◆ Work instruction
Exclude the pictures, then repeat the remaining data exactly.

◆ Given data
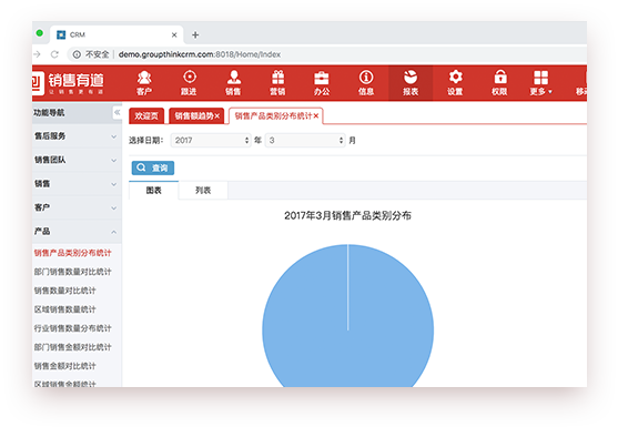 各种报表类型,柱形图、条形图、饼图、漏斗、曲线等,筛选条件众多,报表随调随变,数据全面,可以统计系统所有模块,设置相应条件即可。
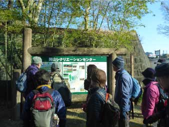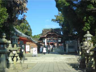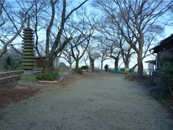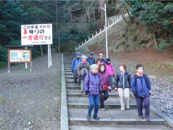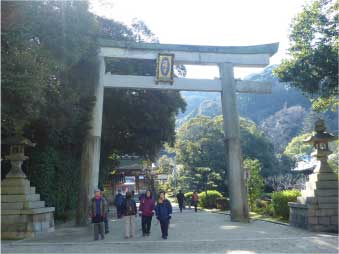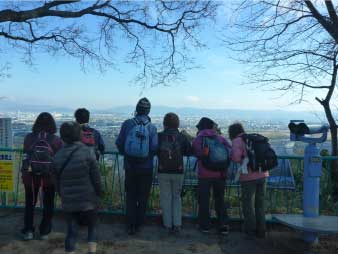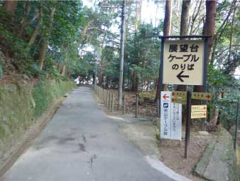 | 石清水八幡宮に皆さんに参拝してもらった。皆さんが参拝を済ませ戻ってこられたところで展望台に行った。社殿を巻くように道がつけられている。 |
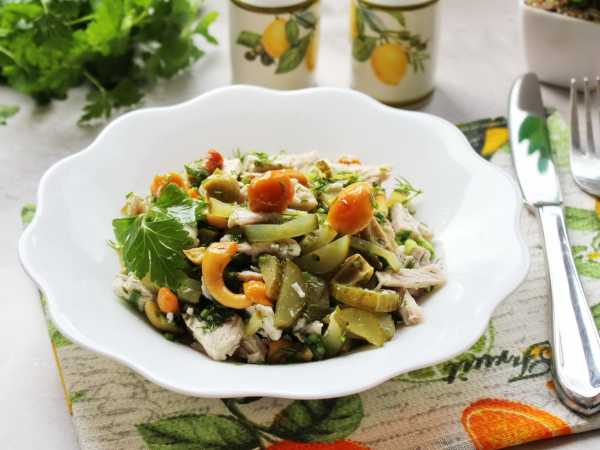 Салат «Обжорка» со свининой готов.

◆ Solution to this exercise
 各种报表类型,柱形图、条形图、饼图、漏斗、曲线等,筛选条件众多,报表随调随变,数据全面,可以统计系统所有模块,设置相应条件即可。
 | 石清水八幡宮に皆さんに参拝してもらった。皆さんが参拝を済ませ戻ってこられたところで展望台に行った。社殿を巻くように道がつけられている。 |
 Салат «Обжорка» со свининой готов.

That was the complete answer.